Я говорю:
— Артемий нужен отряду.
Люди дышат еще тише, но легче и ровнее. Потом общим хором гудят:
— Необходим… Артемий необходим… Не обойтись…
Ананий Адская Машина поправляет свою тирольскую шляпу. Он долго не может найти ей какого–то нужного и даже обязательного положения на голове: то он ее сдвигает набок, то натягивает на глаза и, наконец, забрасывает набекрень.
— Только вот не минучая в нем, а так — поразит, — заключает он и опять сдергивает короткое поле шляпы на глаза.
Андрей Фиалка тоже не охотится «поговорить». Этому не жаль Артемия.
Я ухожу от Артемия. Люди разбредаются. Через несколько дней они все будут ненавидеть Артемия за то, что он живой…

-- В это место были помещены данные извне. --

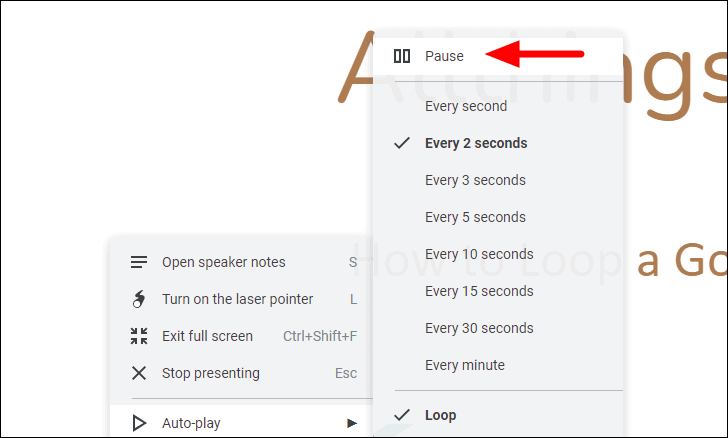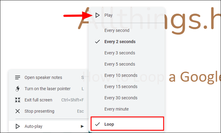 Next, click on ‘Loop’ in the context menu. A tick appears before the option after it’s selected. Google Docs also offers the option to change the time period the slides advance at ranging between 1 second to 60 seconds. After you have made the necessary selections, click on ‘Play’ at the top to start the presentation in a loop.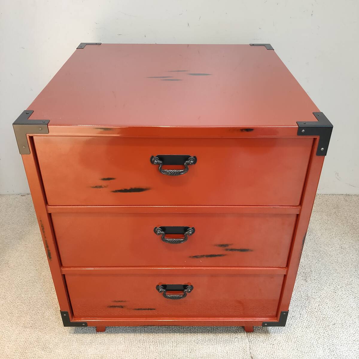 - 092304●伝統工芸 根来塗 三つ引出し 高さ33cm 漆器 漆塗 三段 小物入れ●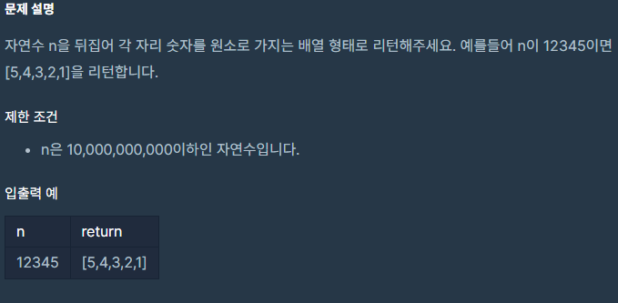 실제구현 : for문이 먼저 떠올라서 for문의 사용을 생각해봤으나 숫자가 주어지기전까지 자릿수의 갯수를 알 수 없으므로 while문을 써야한다는 것이 생각났다. for문 사용의 주의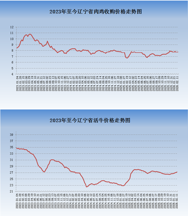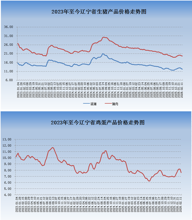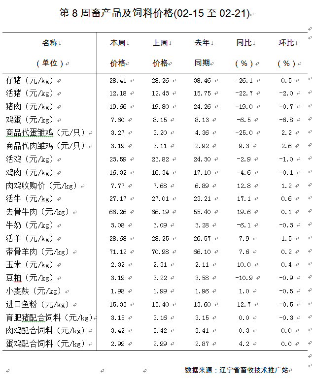 据对省内18个县(市、区)级监测点监测,2月份第3周主要畜禽及产品价格情况如下:仔猪价格继续向上,2025年12月份中旬以来已经连续上涨10周,累计上涨8.36元/公斤,涨幅达41.7%,但近几周上涨幅度明显放缓,本周仅微涨0.5%。预计短期内仍属季节性补栏高峰期,仔猪价格走势仍将坚挺。目前仔猪价格已经进入高位,养殖户一定要理性补栏,切勿盲目追高,避免后期生猪价格不及预期,影响养殖效益。仔猪补栏热情虽然高涨,但随着春节过后消费回落,节后生猪和猪肉价格继续下调,本周生猪价格环比下降0.25元/公斤,降幅达2.0%,猪肉价格环比降0.7%,回到20元/公斤以下。受节前补货充足影响,本周鸡蛋价格降幅较大,环比下降6.8%,为7.60元/公斤,重新回到8元/公斤以下,但预计近两月内价格仍将向下。随着节后复产推进,本周商品代蛋、肉雏鸡价格均环比提高2%以上。其它畜禽、产品及饲料价格相对平稳。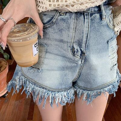 プラウス 流行り ダメージジーンズ/ デニムパンツ ショットパンツ 垂れ感 流行韓国 ハイウエスト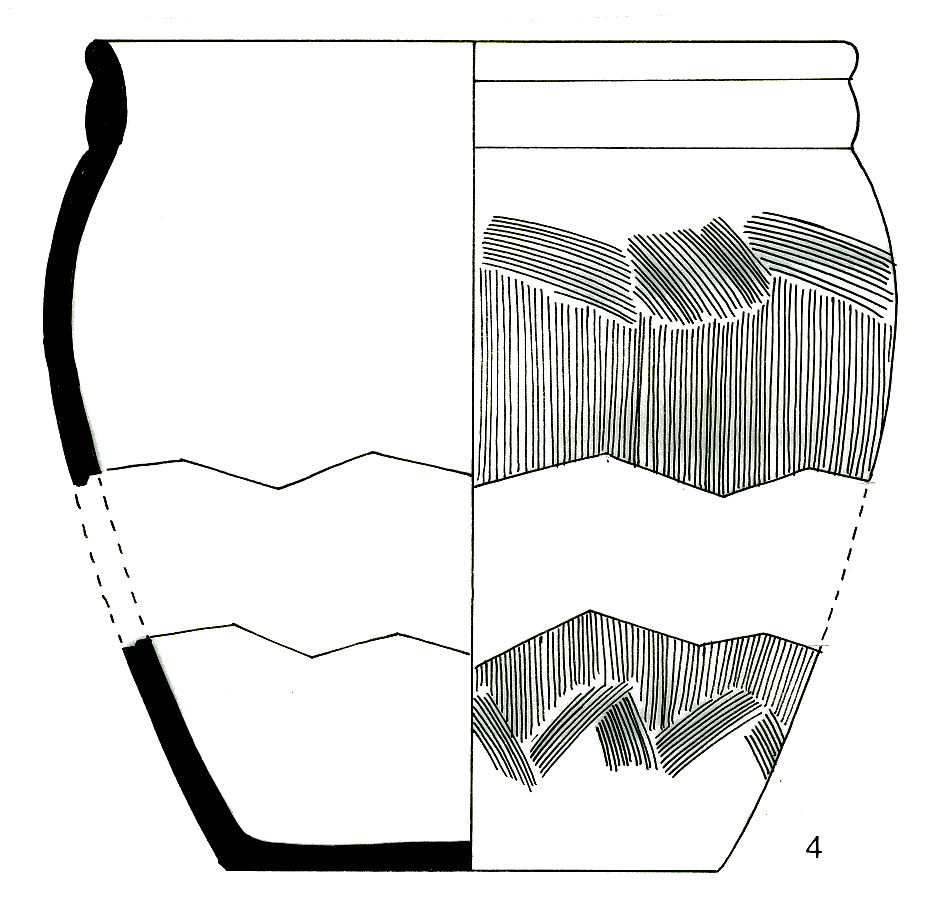 surface peignée. Chevrons tracés au peigne au bas de la panse, limitant le peignage vertical.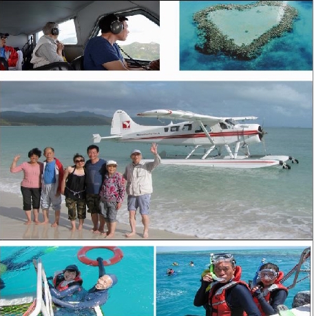 最精彩的,當屬去水上飛機場進行一次前所未聞的「水上飛機經典面貌全景遊」。 我們乘坐的水上飛機總共可坐七位客人(我們共六人),它可在短跑道上起飛,又可在深的海水中前進,在空中飛行也很平穩。不過,艙內聲音較大,客人都需戴上飛行耳機,才可避免不適。飛機升空後,在著名的大堡礁上低空飛行,讓大家近距離飽覽各種海洋小景:碧藍清澈的海水,彎彎的海岸線白浪滾動;最讓人難忘的是在一處淺水中,居然有一個完整的「愛」的圖型(圖二:上右)。在這約十公里的低飛中,你看到大自然創作出的美術作品真是數不勝數,讓人拍手叫絕!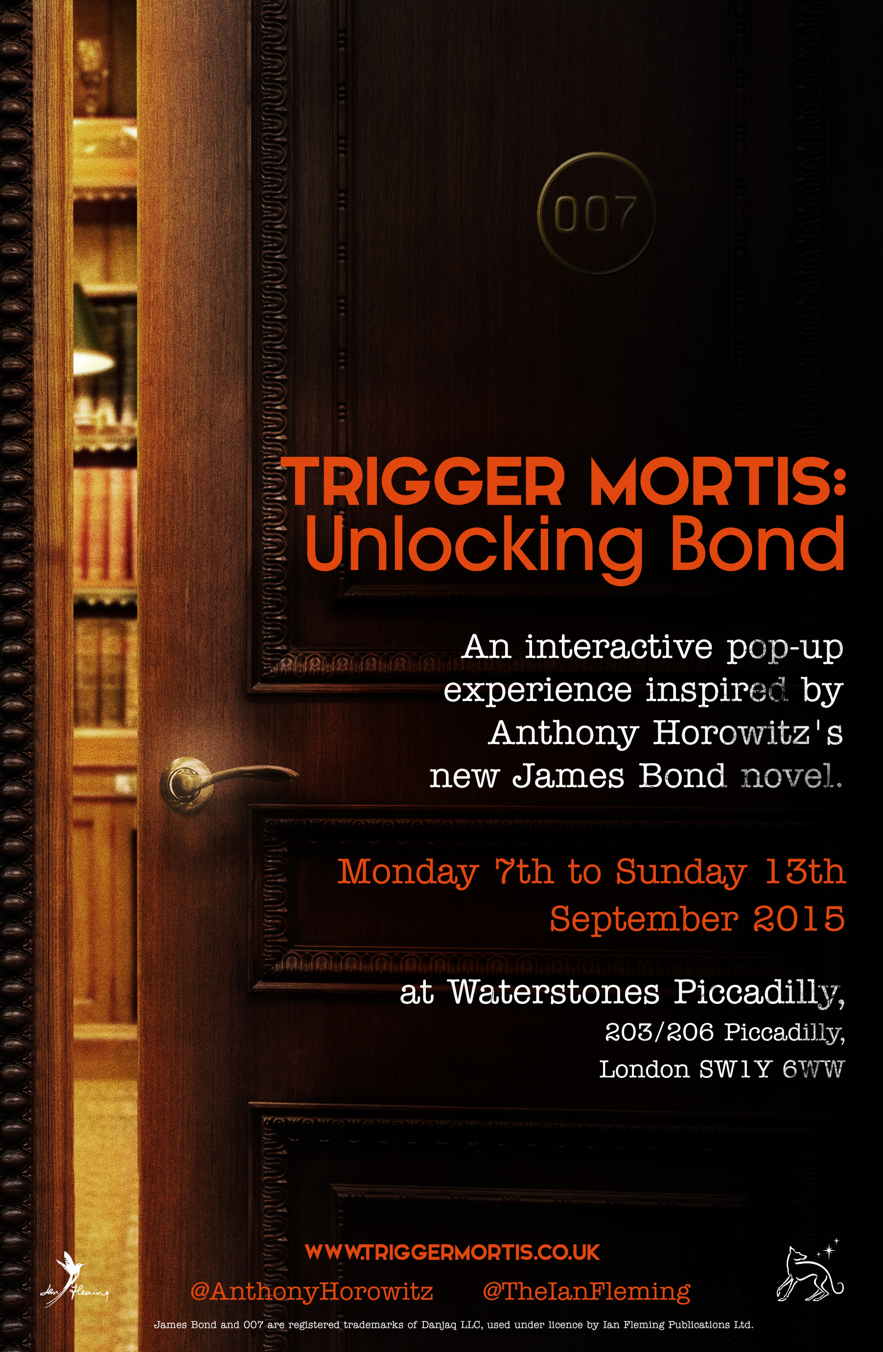 TRIGGER MORTIS: UNLOCKING BOND will be open exclusively to ticket-holders attending the publication launch with Anthony Horowitz on Monday 7th September, tickets for which are on sale through the Waterstones website, then open to the general public from Tuesday 8th September to Sunday 13th September. To browse the pop-up space is free, however to participate in the Trigger Mortis challenge, a copy of the book must be purchased.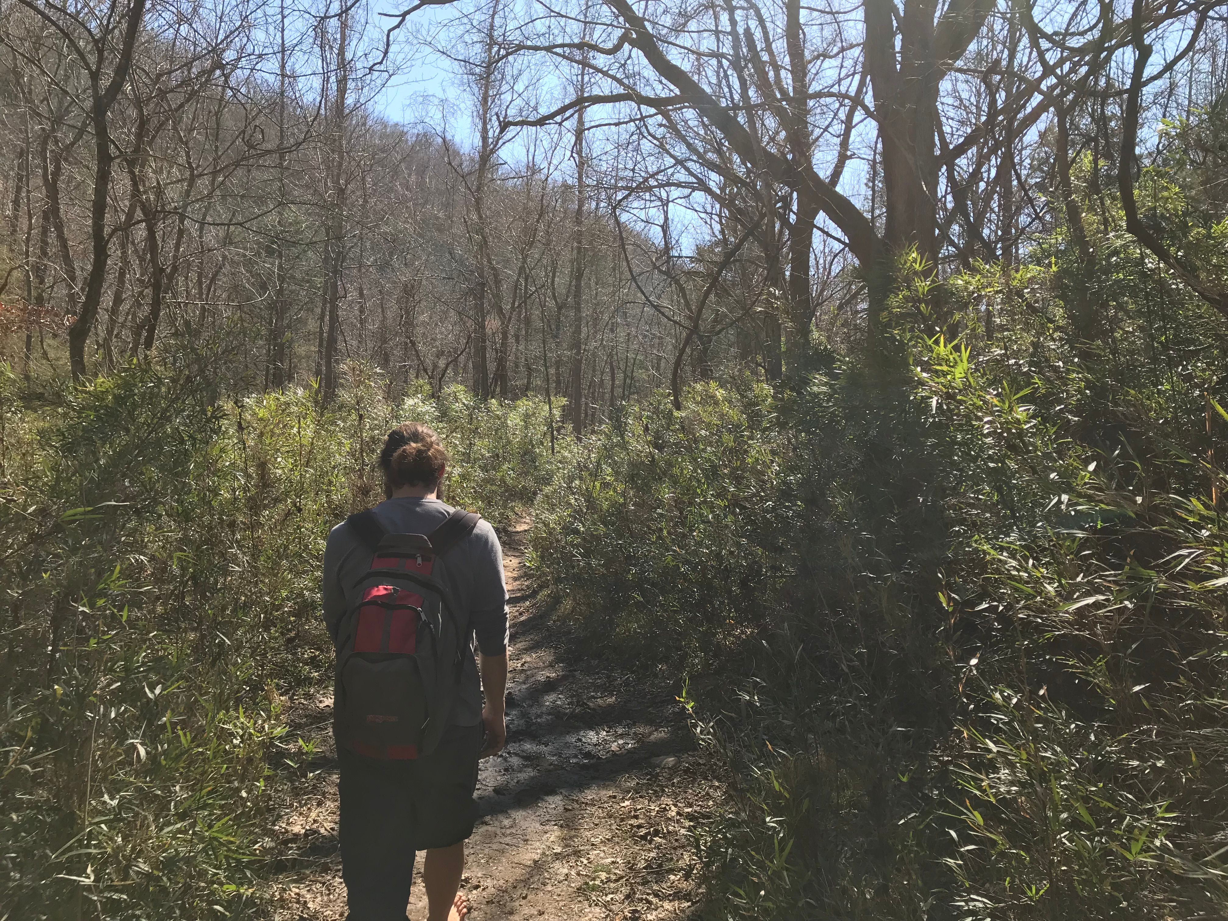 Definitely some of the coldest water I had ever jumped into! Luckily the sun was out to help dry and warm us back up. We explored a little more past the falls. You climb up a STEEP slope with a rope next to the falls that leads to a trail heading up the branch. My guess is this trails starts to stay maintained from here back up to the top of this branch. We decided it was time to turn around though. If you had two cars you could make this a nice day hike loop.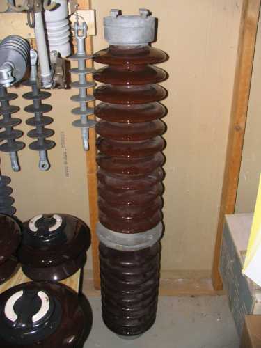 Here is a two part station post made by GOULD BROWN-BOVERI. The combined voltage rating is 115kV. The top section is dated 1981 and the bottom section is dated from 1979.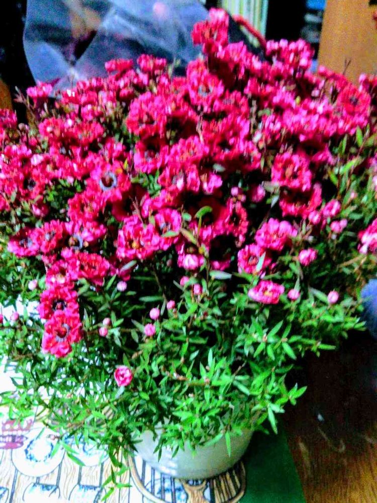 ギョリュウバイはオーストラリア原産で、あのユーカリの仲間の「フトモモ科」です、太腿??っ始め、ウケました😂これ、意外とクセがあって、栽培が難しいです💦水切れに弱いのに、すぐ根が張って根詰まりになりやすいので、地植えのほうがいいかもしれません。

Исчезновение китайца несколько смутило меня. Но я оправился.
Самый сильный враг — внутренний, и теперь в стране большевиков неисчислимо много тех, кто готовит им удар в спину. И каждого из них, готовящих удар в спину, чутко и неуклонно опекает заграница: за нас даже вожди демократические телеграфно умоляют Калинина «прекратить казни».
Вновь передо мной открылась железная дверь в настоящую жизнь. В рамке заржавленных притолок я уже вижу зелень, сады, слышу приглушенную музыку радости.
Теперь надо действовать быстро, натиском. Китаец может навредить. Я изменяю направление. Ночью мы двинемся в Олечье.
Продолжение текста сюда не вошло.